William Breitbart - Research & Career

Research & Career

Dr. Breitbart’s clinical role as the Consulting Psychiatrist for the Pain and Palliative Care Service at Memorial Sloan-Kettering Cancer Center led him to focus his research efforts on the psychiatric aspects of end-of-life care. He has received continuous funding for investigator initiated research since 1989, including eight National Institute of Health funded projects, four National Institute of Mental Health funded projects, four National Cancer Institute funded projects, and seven privately funded research projects.

Much of his early research focused on the neuropsychiatric problems of HIV-infected patients, including pain, fatigue, delirium and other symptoms that impact quality of life. As Breitbart’s clinical experiences brought more and more attention to the terminally ill patients’ desire for hastened death, he became interested in studying the psychological and psychosocial factors associated with this desire for death among the terminally ill population. Breitbart and his colleagues began to reframe the concept of despair at the end of life, expanding the concerns of palliative and supportive care beyond symptom management. In addition to constructs such as depression and anxiety, they found that factors such as hopelessness, loss of meaning, and decreased spiritual well-being contributed greatly to the dying patients’ sense suffering. In addition to his studies focusing on hopelessness and the desire for hastened death, Breitbart participates in a multi-centered research trial dealing with dignity-conserving care in palliative care settings.

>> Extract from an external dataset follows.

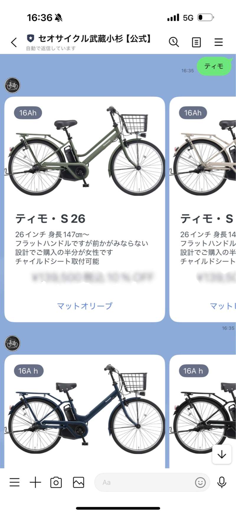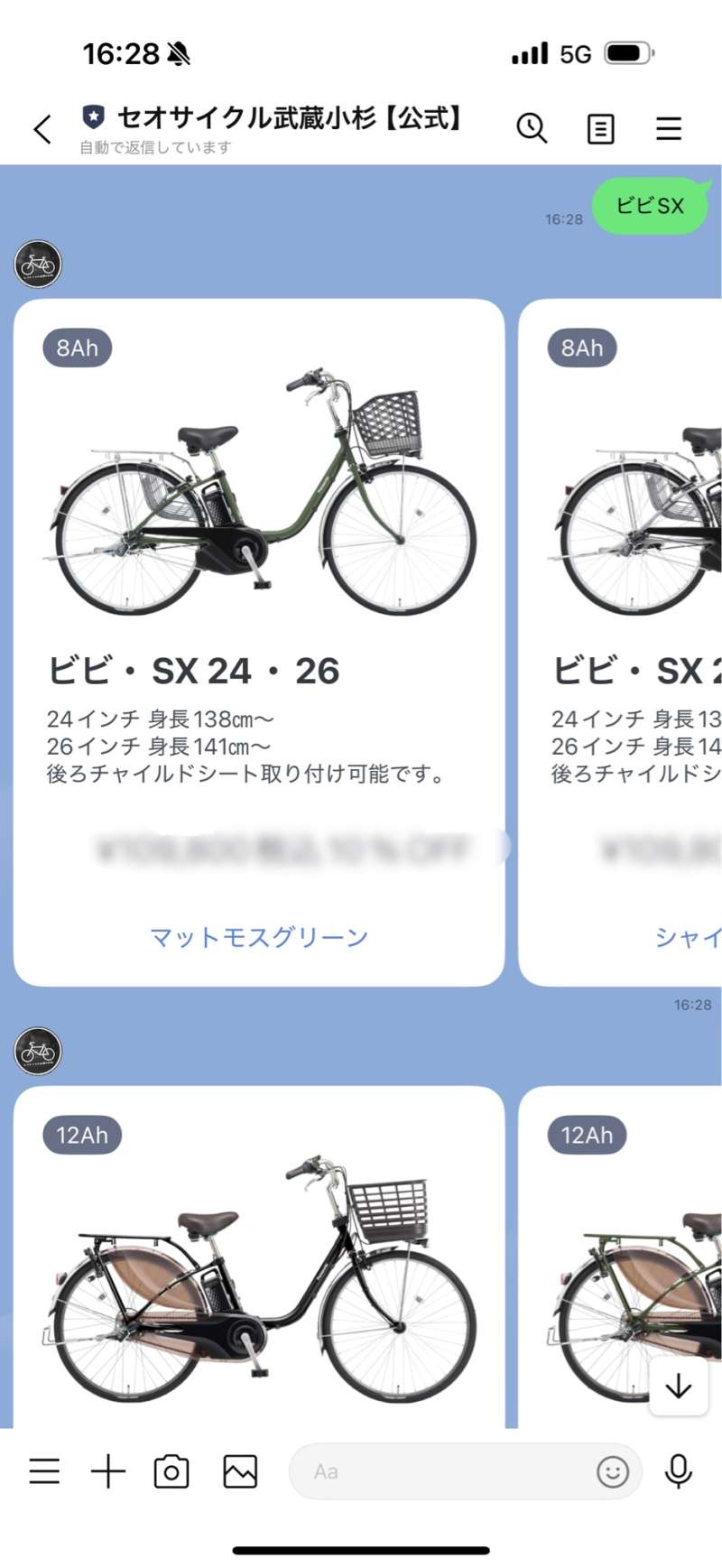 当店の公式LINEからワタクシ店長上野が『自分のカミさんや子供、親兄弟にこれなら安全に乗せられる!』とお勧めしているパナソニック車の電動自転車の販売価格、カラーを見られるように致しました!
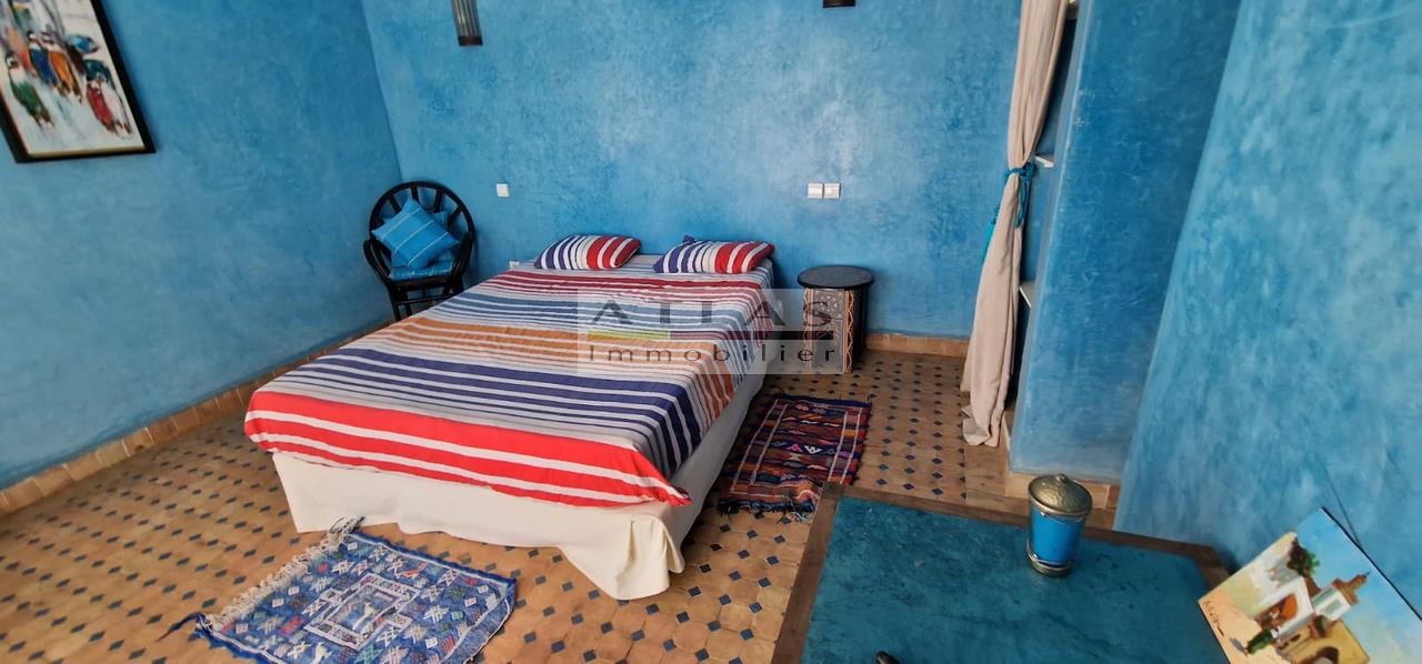 Découvrez cette magnifique villa vendue, située dans un cadre idyllique, à seulement dix minutes du centre d’Essaouira. Nichée sur un vaste terrain de 5 265 m², elle offre un havre de paix entouré de splendides arganiers et oliviers.

Breitbart’s most recent research efforts involve the development of novel psychotherapeutic interventions, which he has named "Meaning-Centered Psychotherapy", aimed at sustaining meaning and improving spiritual well-being in the terminally ill. In an interview for the international journal Innovations in End-of-Life Care, Breitbart refers to the works of existential theorists/philosophers, particularly Viktor Frankl. Frankl’s meaning-based model of logotherapy and his book Man’s Search for Meaning had a significant influence on Breitbart and directed the goals of his work towards the concept of helping dying patients to maintain meaning at the end of life through "Meaning-Centered Psychotherapy".

Breitbart and colleagues have developed both an individual and group model of "Meaning-Centered Psychotherapy", inspired by Frankl’s work. These novel interventions are aimed at helping patients sustain and enhance a sense of purpose and meaning in life through various psycho-education tasks, and in turn improve their overall quality of life as they encounter their mortality.